**WHAT IS NEEDED**
In the entries below, find the line with "c、在高級選項中,更改USB轉(zhuǎn)232的COM端口號 圖3" and the line with "Este foarte important". Repeat exactly everything between them, those two lines included, but not the pictures.

**EXERCISE MATERIALS**
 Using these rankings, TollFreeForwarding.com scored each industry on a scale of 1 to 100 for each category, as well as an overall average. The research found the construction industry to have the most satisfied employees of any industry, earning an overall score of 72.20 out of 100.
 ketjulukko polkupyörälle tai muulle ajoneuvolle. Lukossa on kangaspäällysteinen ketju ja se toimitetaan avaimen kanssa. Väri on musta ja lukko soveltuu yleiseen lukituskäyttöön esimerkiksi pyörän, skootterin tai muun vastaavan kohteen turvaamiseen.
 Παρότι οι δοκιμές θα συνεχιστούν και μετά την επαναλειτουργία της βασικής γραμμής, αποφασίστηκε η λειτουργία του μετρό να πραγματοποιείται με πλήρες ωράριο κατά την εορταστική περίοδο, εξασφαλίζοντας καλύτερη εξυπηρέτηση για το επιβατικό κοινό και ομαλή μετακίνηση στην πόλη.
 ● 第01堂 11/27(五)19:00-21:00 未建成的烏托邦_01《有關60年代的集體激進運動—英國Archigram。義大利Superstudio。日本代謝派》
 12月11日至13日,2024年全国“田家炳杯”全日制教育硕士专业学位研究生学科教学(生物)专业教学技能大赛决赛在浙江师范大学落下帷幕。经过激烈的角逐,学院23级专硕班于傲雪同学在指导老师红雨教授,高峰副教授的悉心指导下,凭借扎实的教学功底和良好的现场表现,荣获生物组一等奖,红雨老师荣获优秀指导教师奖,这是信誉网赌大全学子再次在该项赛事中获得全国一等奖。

* * *

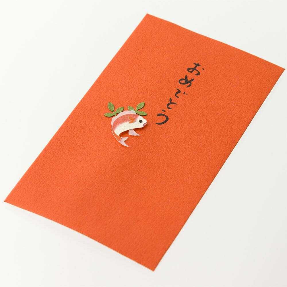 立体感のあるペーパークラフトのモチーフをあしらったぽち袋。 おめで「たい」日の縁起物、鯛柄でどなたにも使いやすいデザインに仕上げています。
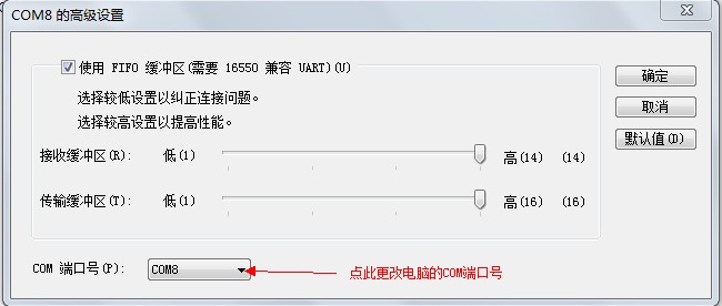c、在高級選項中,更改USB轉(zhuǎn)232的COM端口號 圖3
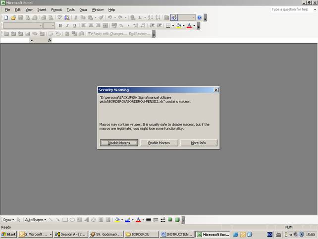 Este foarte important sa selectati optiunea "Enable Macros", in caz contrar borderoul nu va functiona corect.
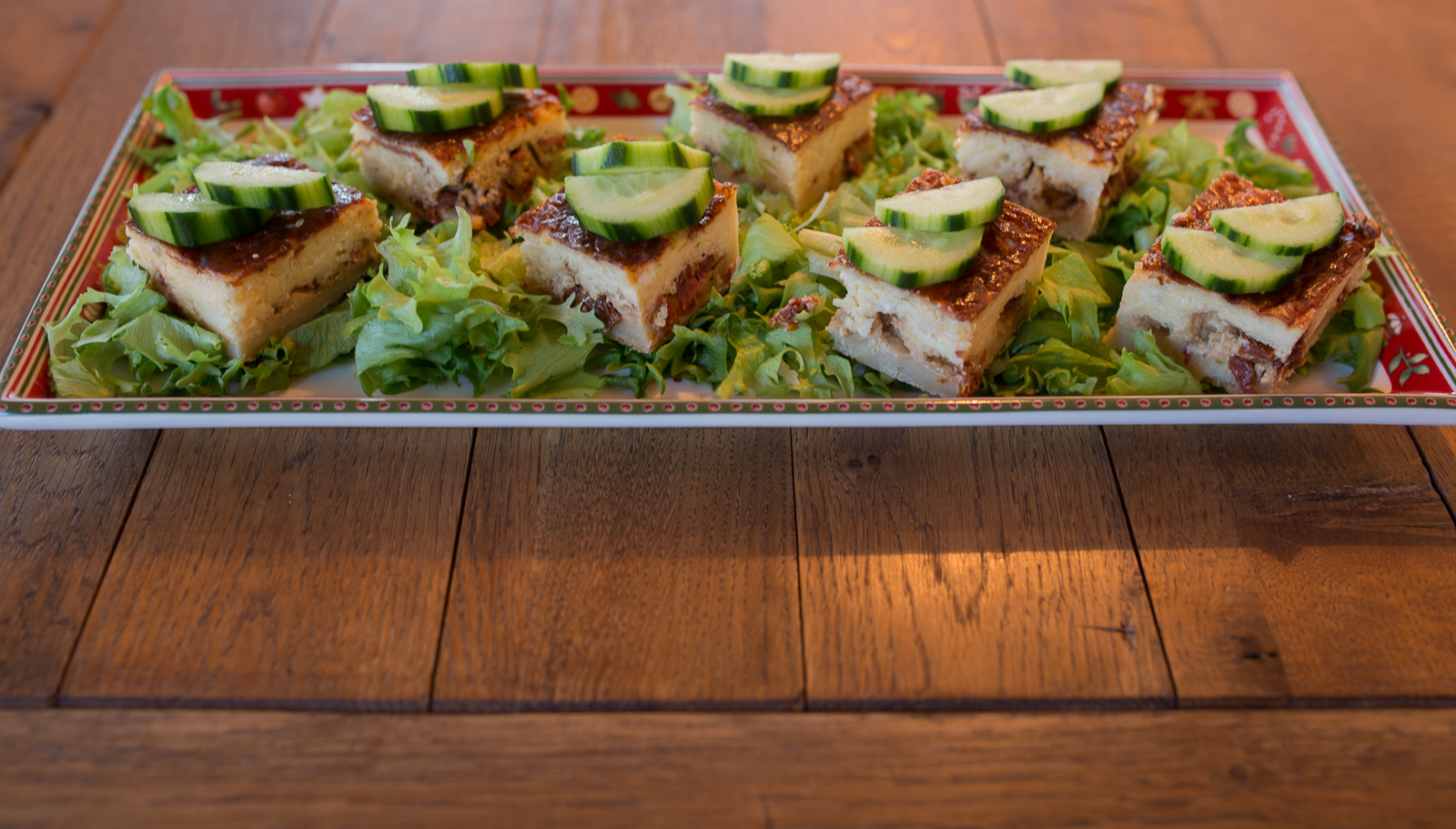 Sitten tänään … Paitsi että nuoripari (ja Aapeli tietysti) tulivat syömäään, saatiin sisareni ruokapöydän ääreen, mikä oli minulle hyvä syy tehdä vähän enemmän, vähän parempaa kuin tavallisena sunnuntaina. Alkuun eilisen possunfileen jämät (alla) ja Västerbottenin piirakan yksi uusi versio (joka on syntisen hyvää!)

**OUTPUT OF THE EXERCISE**
c、在高級選項中,更改USB轉(zhuǎn)232的COM端口號 圖3
 Este foarte important sa selectati optiunea "Enable Macros", in caz contrar borderoul nu va functiona corect.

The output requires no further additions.